Data records –
-*-

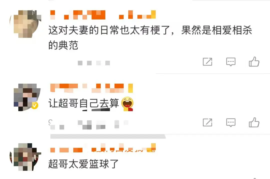 不少粉丝在评论区调侃“这对夫妻的日常也太有梗了”;也有人暖心叮嘱“快阻止超哥,让他下部戏之前歇一歇吧”。
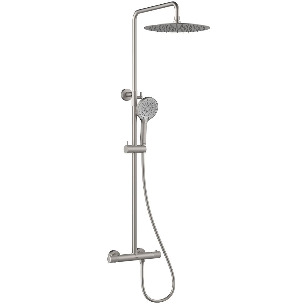 Корпус смесителя с термостатическим картриджем, 3-позиционным картриджным переключателем с керамическими пластинами и металлическими рукоятками, стойка для душа, держатель душевой лейки, 3-функциональная душевая лейка, душевой шланг 1,5 м, присоединительная группа для настенного крепления |
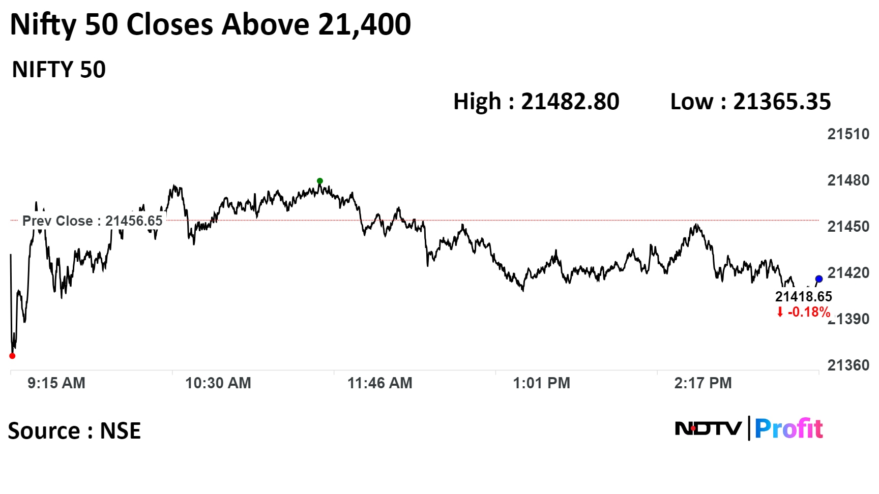 The Nifty 50 index closed 38 points or 0.18% lower at 21,418.65 while the Sensex shed 168.66 points or 0.24% to close at 71,315.09.
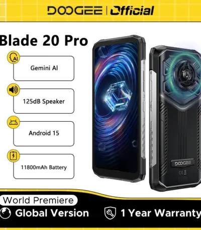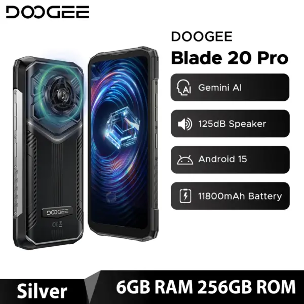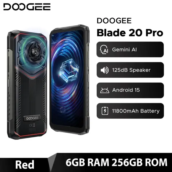 DOOGEE Blade20 Pro Rugged Phone Gemini AI Android 15 125dB Speaker 11800mAh Battery 6GB 256GB 6.6” Screen Mobile Phone NFC
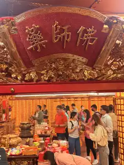 二楼供奉着药师佛和媒婆,融合了佛教和道教文化,别具一格。一楼的侧殿供奉着大君和地神,祈求平安、财富、爱情和健康。这座寺庙已成为松山区重要的信仰中心。📍
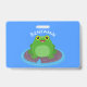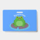 Cute happy green frog cartoon illustration ID badge
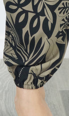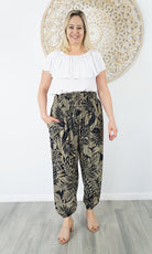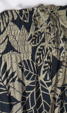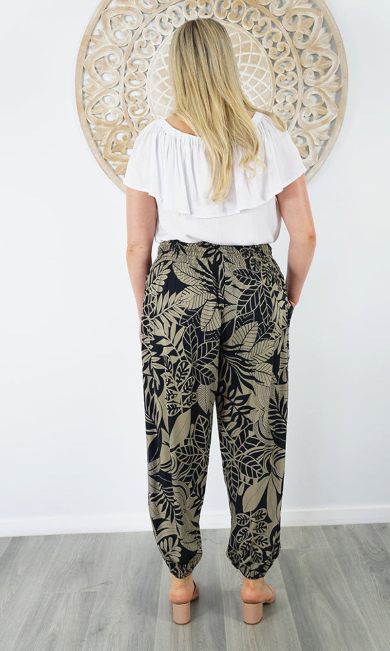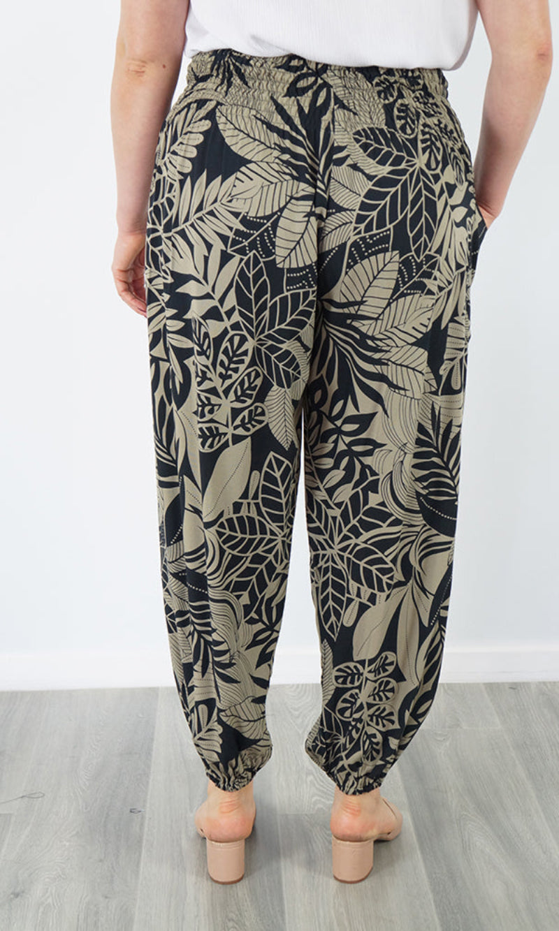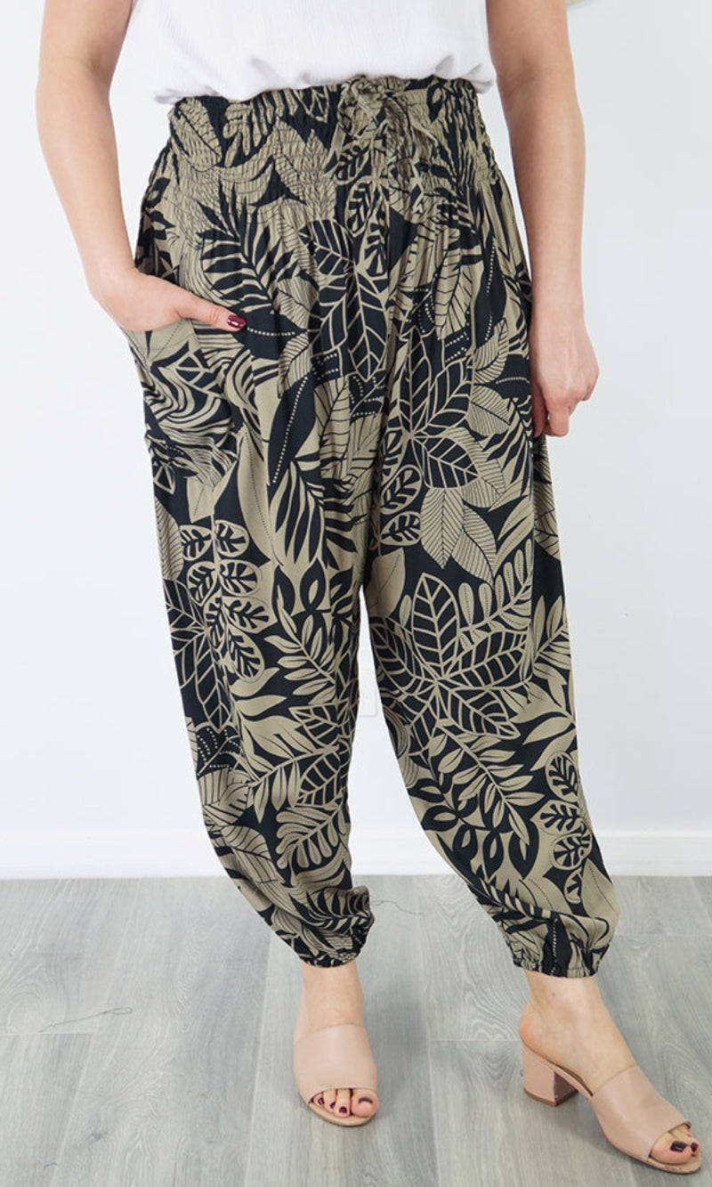 The harem pant is 100% rayon and 100% comfort, with shirring around the waist and elastic around the ankle. 3 sizes available. Free size to fit 10-16, 18-20 and 22-24.
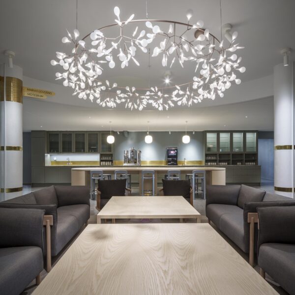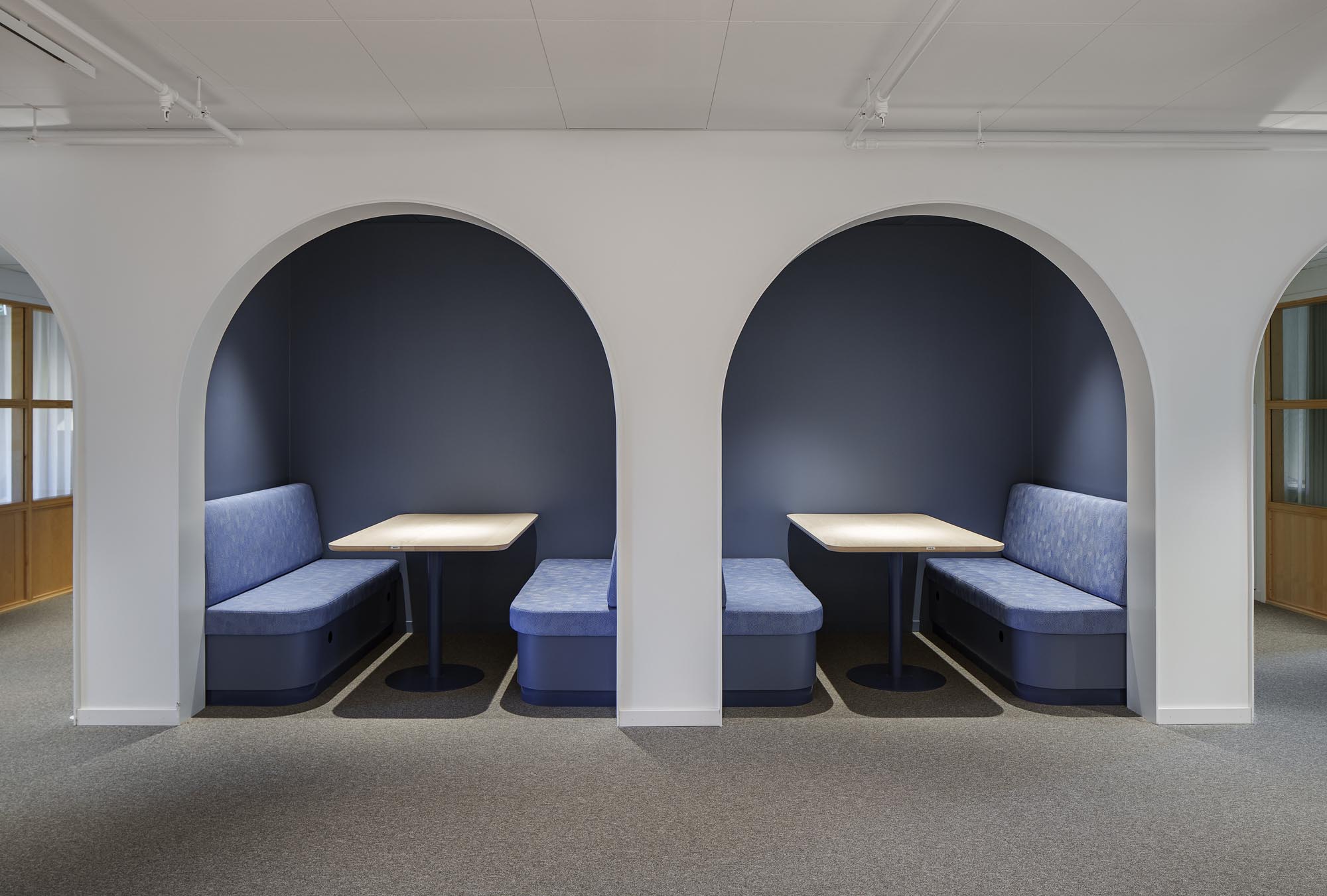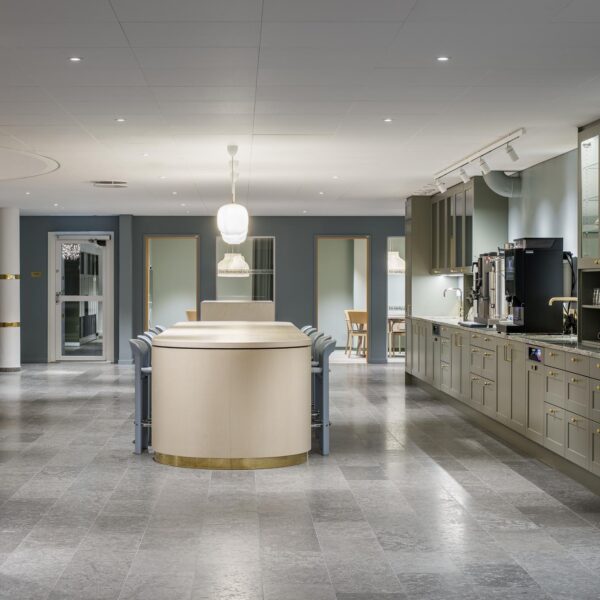 At the center of the building lies the glazed cloister garden – a threshold between indoors and outdoors. The greenery and daylight create an important heart for the building, perfect for meetings, pauses, and conversation. We also designed the lounges and coffee stations to encourage moments of connection and informal exchange, using warm materials and attention to detail.

-*-

Exercise aim – From the first line of the entries above through the line with "DOOGEE Blade20 Pro", set down each line exactly and drop the pictures.

Task output –
 不少粉丝在评论区调侃“这对夫妻的日常也太有梗了”;也有人暖心叮嘱“快阻止超哥,让他下部戏之前歇一歇吧”。
 Корпус смесителя с термостатическим картриджем, 3-позиционным картриджным переключателем с керамическими пластинами и металлическими рукоятками, стойка для душа, держатель душевой лейки, 3-функциональная душевая лейка, душевой шланг 1,5 м, присоединительная группа для настенного крепления |
 The Nifty 50 index closed 38 points or 0.18% lower at 21,418.65 while the Sensex shed 168.66 points or 0.24% to close at 71,315.09.
 DOOGEE Blade20 Pro Rugged Phone Gemini AI Android 15 125dB Speaker 11800mAh Battery 6GB 256GB 6.6” Screen Mobile Phone NFC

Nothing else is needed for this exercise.